● DATASET EXTRACT:
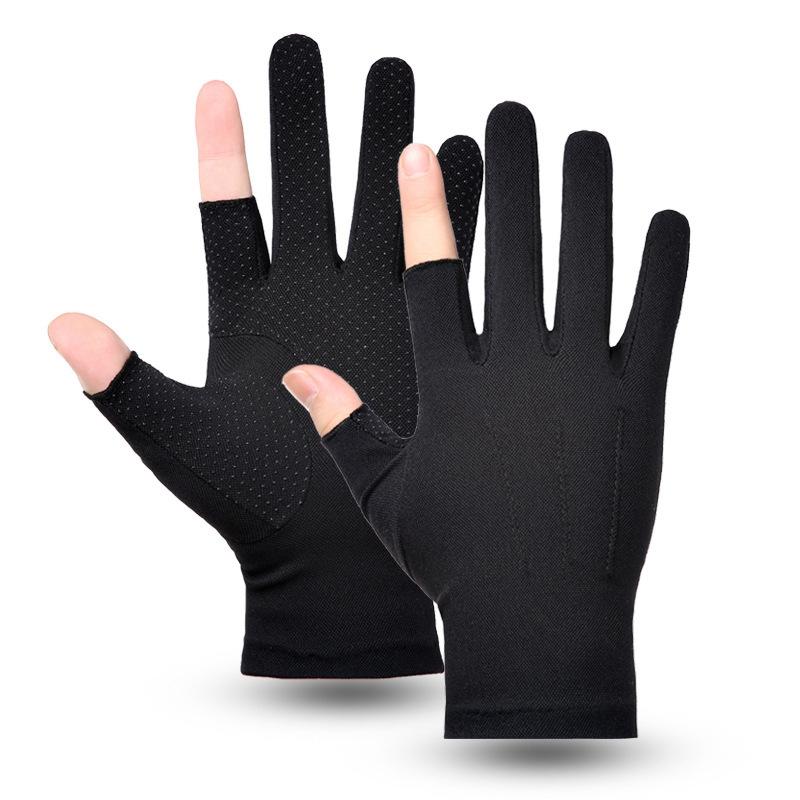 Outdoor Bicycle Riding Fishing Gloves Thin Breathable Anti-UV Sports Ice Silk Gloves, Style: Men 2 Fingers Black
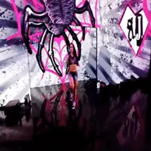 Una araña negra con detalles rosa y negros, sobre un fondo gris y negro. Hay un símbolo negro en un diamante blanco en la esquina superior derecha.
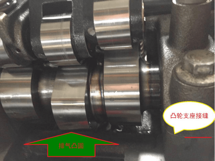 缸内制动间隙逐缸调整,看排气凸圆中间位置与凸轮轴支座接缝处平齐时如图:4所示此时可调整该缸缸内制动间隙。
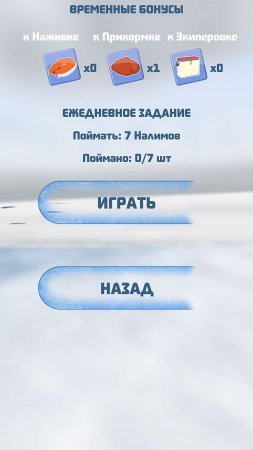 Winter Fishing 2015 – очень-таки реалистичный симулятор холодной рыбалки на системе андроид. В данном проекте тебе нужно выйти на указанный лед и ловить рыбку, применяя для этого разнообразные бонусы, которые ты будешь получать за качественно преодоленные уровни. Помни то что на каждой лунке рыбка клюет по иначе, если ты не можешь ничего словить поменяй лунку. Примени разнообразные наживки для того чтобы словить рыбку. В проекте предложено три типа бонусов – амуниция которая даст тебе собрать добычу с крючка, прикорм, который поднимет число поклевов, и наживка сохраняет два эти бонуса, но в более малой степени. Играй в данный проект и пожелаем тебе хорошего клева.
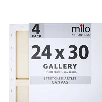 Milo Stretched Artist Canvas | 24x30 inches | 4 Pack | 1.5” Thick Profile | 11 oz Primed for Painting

● EXERCISE DESCRIPTION: Minus its pictures, the full listing should be copied verbatim.

● RESPONSE:
 Outdoor Bicycle Riding Fishing Gloves Thin Breathable Anti-UV Sports Ice Silk Gloves, Style: Men 2 Fingers Black
 Una araña negra con detalles rosa y negros, sobre un fondo gris y negro. Hay un símbolo negro en un diamante blanco en la esquina superior derecha.
 缸内制动间隙逐缸调整,看排气凸圆中间位置与凸轮轴支座接缝处平齐时如图:4所示此时可调整该缸缸内制动间隙。
 Winter Fishing 2015 – очень-таки реалистичный симулятор холодной рыбалки на системе андроид. В данном проекте тебе нужно выйти на указанный лед и ловить рыбку, применяя для этого разнообразные бонусы, которые ты будешь получать за качественно преодоленные уровни. Помни то что на каждой лунке рыбка клюет по иначе, если ты не можешь ничего словить поменяй лунку. Примени разнообразные наживки для того чтобы словить рыбку. В проекте предложено три типа бонусов – амуниция которая даст тебе собрать добычу с крючка, прикорм, который поднимет число поклевов, и наживка сохраняет два эти бонуса, но в более малой степени. Играй в данный проект и пожелаем тебе хорошего клева.
 Milo Stretched Artist Canvas | 24x30 inches | 4 Pack | 1.5” Thick Profile | 11 oz Primed for Painting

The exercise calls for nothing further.